Duell: Island Krimi (German Edition)
Ich hab noch nie auf einer Bühne gestanden, ich weiß nicht, ob ich das schaffe.«
»Aber wenn alle zusammen spielen und wir so tun also ob«, sagte Marian, »das ist doch nichts anderes.«
»Aber auf der Bühne werden mich alle anstarren. Und ich falle womöglich hin oder vergesse meinen Text, und dann lachen alle.«
»Und was ist dabei?«, fragte Marian.
»Du hast gut reden, du musst ja auch nicht mitspielen.«
Darauf wusste Marian keine Antwort.
»Dann sag den anderen doch einfach, dass du nicht mitspielen möchtest.«
»Aber ich möchte doch so gerne.«
»Dann tu’s doch!«
»Ich trau mich nicht.«
»Komm, lass uns zum Meer hinunter gehen.«
»Ich darf heute nicht viel laufen. Der Arzt hat gesagt …«
»Was hat er gesagt?«
»Nichts«, entgegnete Katrín mit leiser Stimme.

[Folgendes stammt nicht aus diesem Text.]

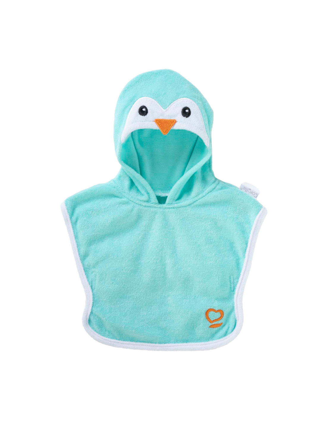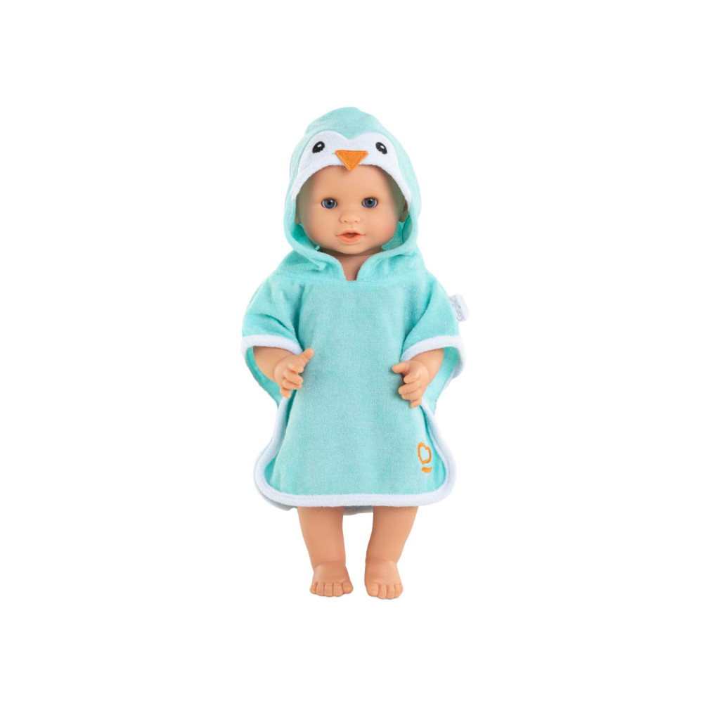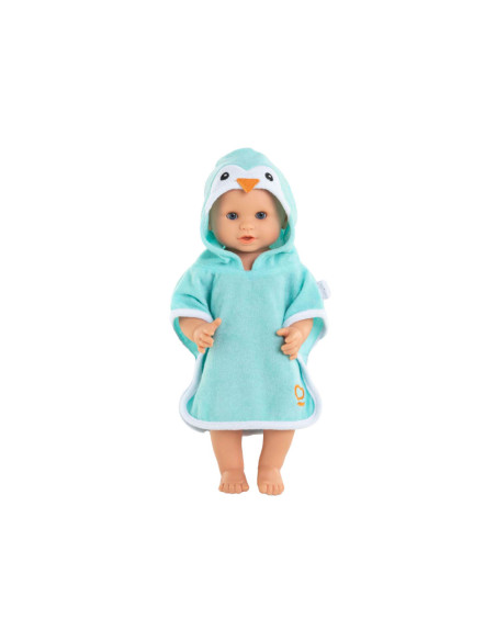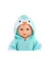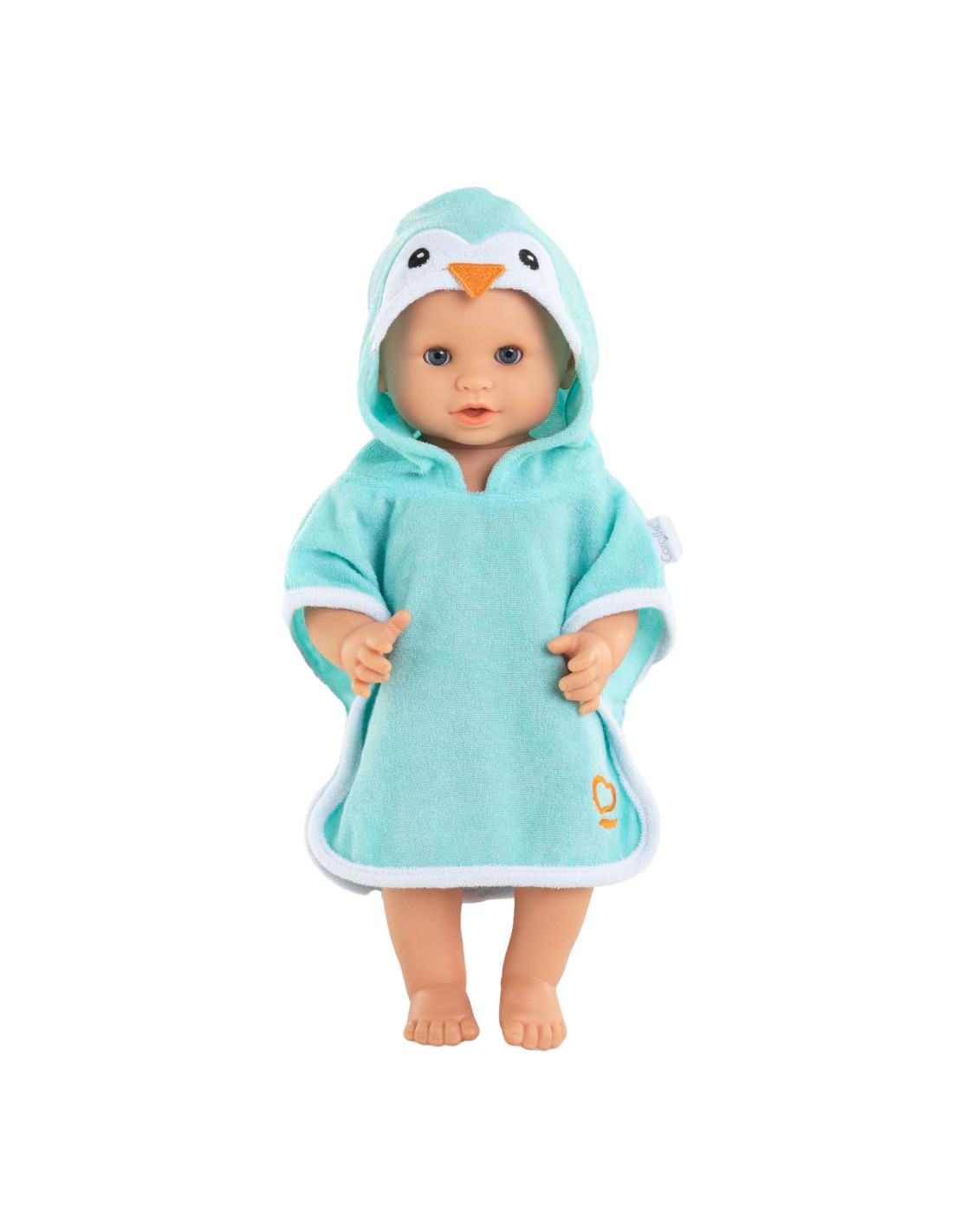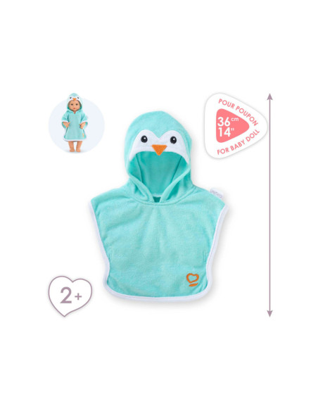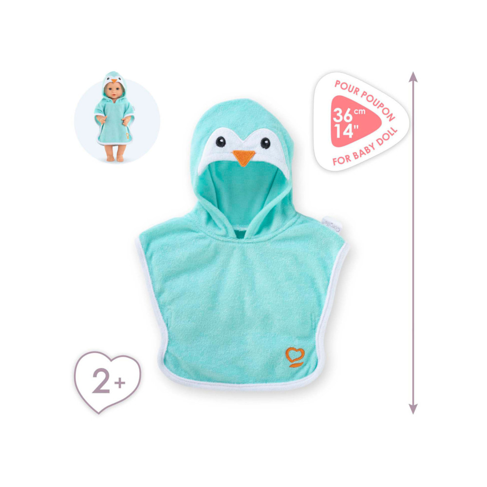 Deze leuke badcape met capuchon in de vorm van een pinguïnkop droogt en verwarmt de kleine 36 cm grote Corolle Badpoppen en Corolle Bébé Calin poppen na het badderen.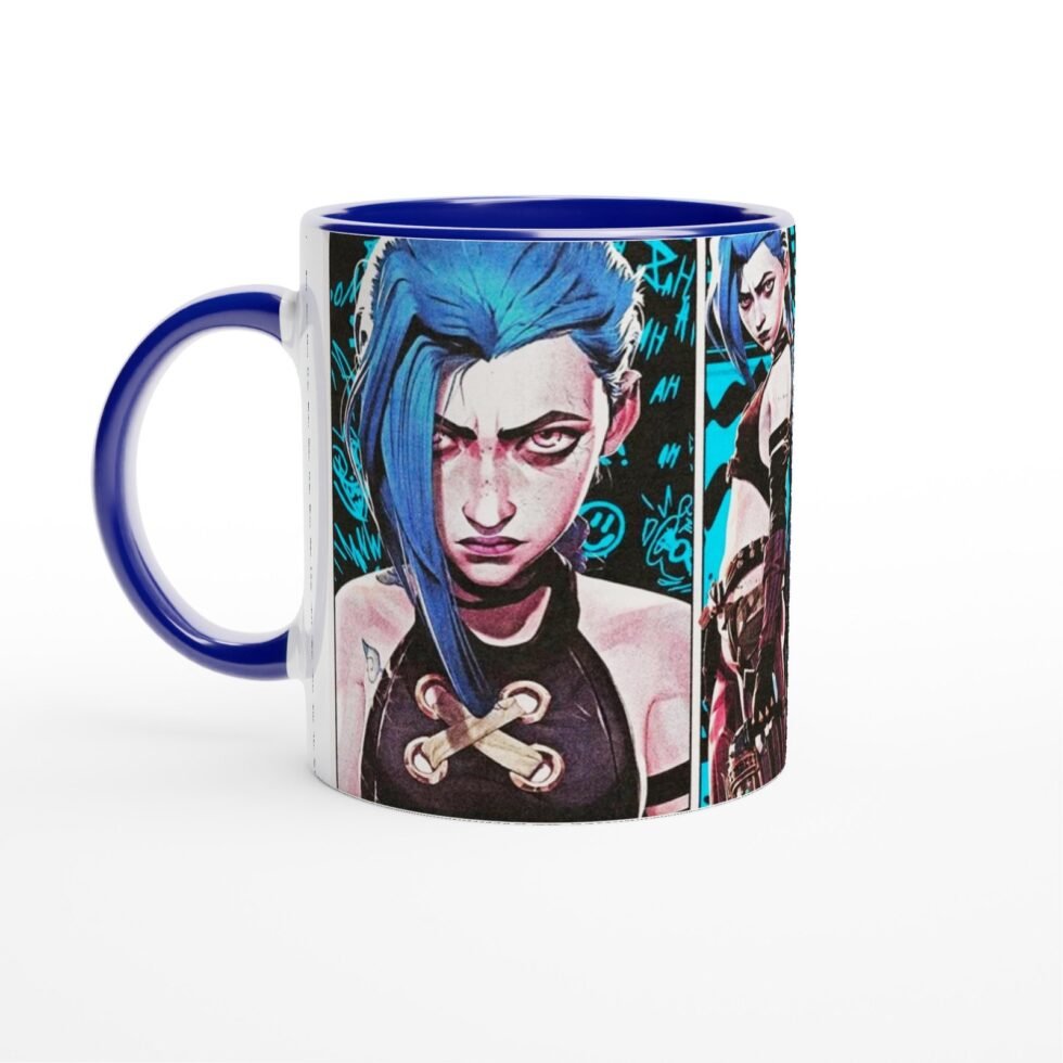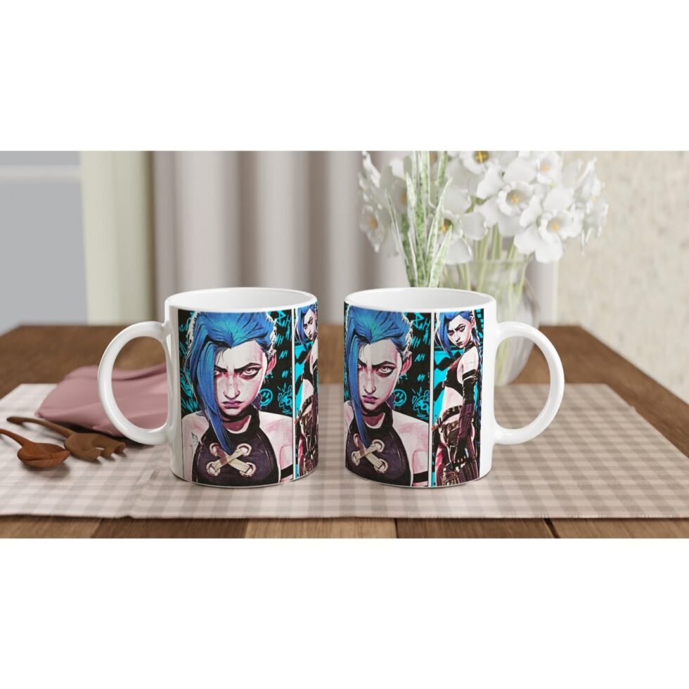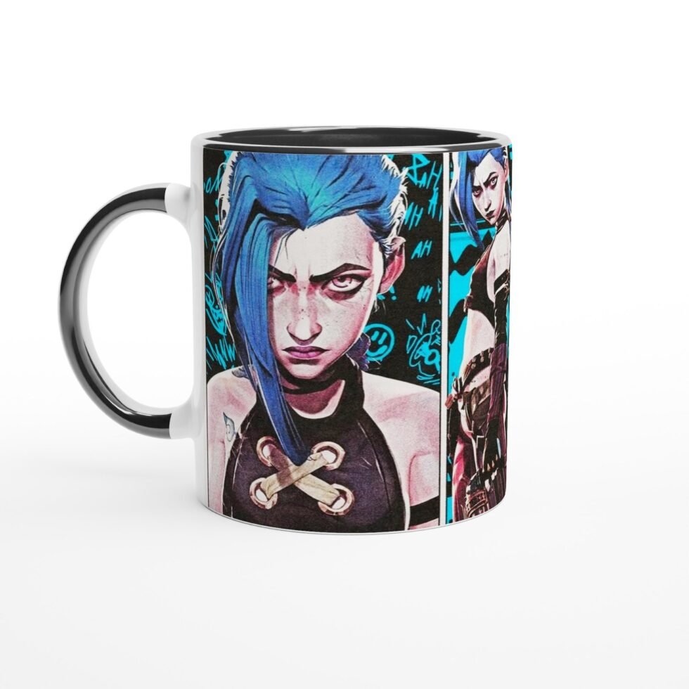 The collage approach gives the illustration an editorial quality, as if different moments, moods, and impulses were assembled into a single visual narrative. The composition carefully balances chaos and structure, capturing energy and movement without becoming overwhelming. This Jinx collage art mug feels expressive and intense, yet clearly intentional in its design.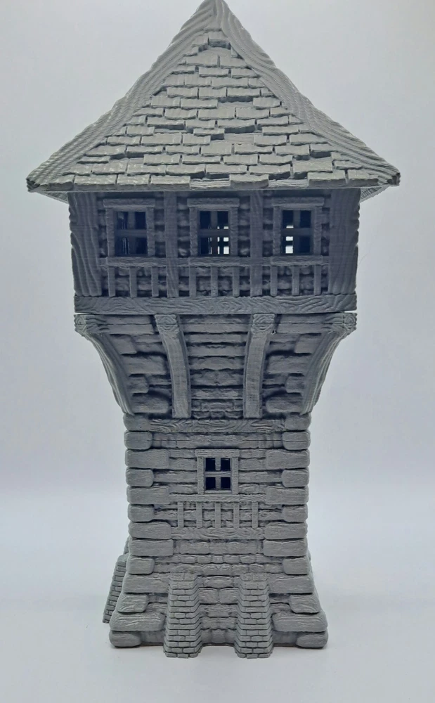 This 3d printed Wizards tower is perfect for tabletop roleplaying games and scenery. It's a great addition to any miniature or war game collection. The intricate details and high-quality printing make it a must-have for any fantasy enthusiast. The house is ideal for creating a unique and exciting atmosphere for your games. This tower is 3 stories tall and is suitable for 28mm and 32mm miniatures. It is a 3d printed with PLA plastic that ensure durability and longevity. Whether you're a seasoned player or just starting out, this tower is sure to impress. Add it to your collection today and take your gaming experience to the next level! Please note: it will come unpainted in a random color. However, it is very easily painted. Returns are accepted if the item does not match the listing description or is not accurate as advertised. If you have any questions or concerns please contact me. Accreditation Designer: Dani Amengual Check them out on myminifactory. https://www.myminifactory.com/users/DaniAmengual I am a licensed printer of Dani Amengual

Katrín hatte kupferrote Haare und eine entsprechend empfindliche Haut, sodass sie schnell einen Sonnenbrand bekam. Ein Pfleger im Sanatorium hatte ihr einen alten Strohhut geschenkt, um sich gegen die Sonne zu schützen, und sie trug immer nur langärmelige Blusen. Sie setzte sich den Hut auf und wiederholte, was der Arzt ihr noch am Morgen gesagt hatte: Sie solle möglichst viel ruhen und nichts Anstrengendes unternehmen. Sie ging mit Marian hinunter zum Fjord und sie folgten dem Spazierweg am Wasser entlang. Es war Ende August, und die salzige Meeresluft mischte sich mit dem Duft der Bäume. Marian bemühte sich, langsam zu gehen, damit Katrín sich nicht zu sehr anstrengen musste. Am gegenüberliegenden Ufer lag ein kleines Dorf, das Marian noch erkunden wollte. Und dort dösten auch einige Bauernhöfe in der Nachmittagshitze vor sich hin.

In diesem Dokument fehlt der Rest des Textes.